Sen. Mitt Romney has proposed raising the wages of restaurant employees and other essential workers by $12 an hour through July as a way of raising their compensation above what they could collect in unemployment benefits and other forms of relief.
Under the Utah Republican’s Patriot Pay Plan, employers would eat $3 of the increase, with the rest generated from a federal tax credit. For employees earning no more than $50,000 on an annualized basis, employers would get a refundable tax credit equal to $9 an hour, up to a maximum of $1,440 a month per employee.
With the credit and stepped-up pay, a worker falling below $50,000 in annualized compensation would get a short-term raise of $1,920 per month for May, June and July.
The $1,440 credit would be shaved by $24 for every $500 an employee earns above an annualized rate of $50,000.
To be eligible, workers would need to work at least 100 hours per month.
Participating employers would be required to certify that the eligible employees are at a higher risk of contracting COVID-19 because they have continued to work.
Romney calls the raised pay a bonus rather than a wage hike. He proposed the measure Friday, noting that Congress and the White House are about to begin drafting a fourth plan to aid businesses and workers trying to stay afloat during the pandemic.
The former Republican Party presidential candidate noted that the plan would also apply to food distributors. He did not cite restaurant workers as specific beneficiaries, but said his plan would apply to all industries and jobs that have been designated as essential by lawmakers. Restaurants have invariably been included in that classification.
“Health care professionals, grocery store workers, food processors, and many others—the unsung patriots on the front line of this pandemic—every day risk their safety for the health and well-being of our country, and they deserve our unwavering support,” Romney said in a statement.“Patriot Pay is a way for us to reward our essential workers as they continue to keep Americans safe, healthy, and fed.”

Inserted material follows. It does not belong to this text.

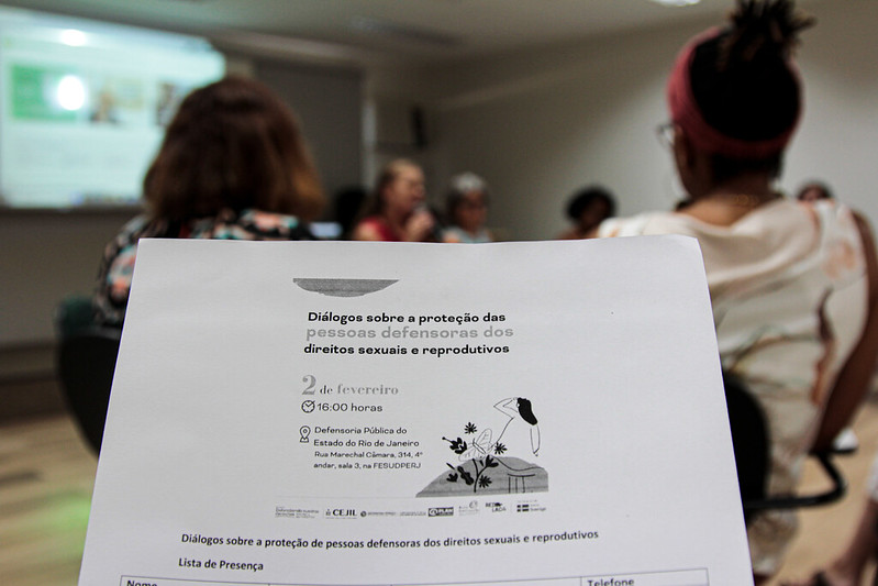 A Coordenadoria de Defesa dos Direitos da Mulher (Comulher) da Defensoria Pública do Rio de Janeiro (DPRJ) recebeu, na última semana (02), o encontro "Diálogos Sobre a Proteção de Pessoas Defensoras dos Direitos Sexuais e Reprodutivos". Promovido pelo Centro pela Justiça e o Direito Internacional (Cejil), o debate reuniu especialistas, organizações da sociedade civil e instituições do sistema de justiça, com o objetivo de discutir os principais desafios de quem defende os direitos sexuais e reprodutivos e pensar estratégias para evitar retrocessos e trazer avançar na garantia de direitos.

His plan comes as some restaurant chains are learning that their employees can make more money from unemployment insurance and other forms of relief than they did at their former jobs. Officials point out that employees collecting unemployment legally cannot turn down a job so they can continue pocketing the aid. But it’s generally acknowledged that many employers would rather ignore the abuses than persevere through the process of alerting authorities.
Correction:An earlier version of this story referred to the increase sought by Romney as an increase in the minimum wage. The senator's office has since clarified that adoption of the higher wage would be voluntary, not mandated. The headline has been corrected accordingly.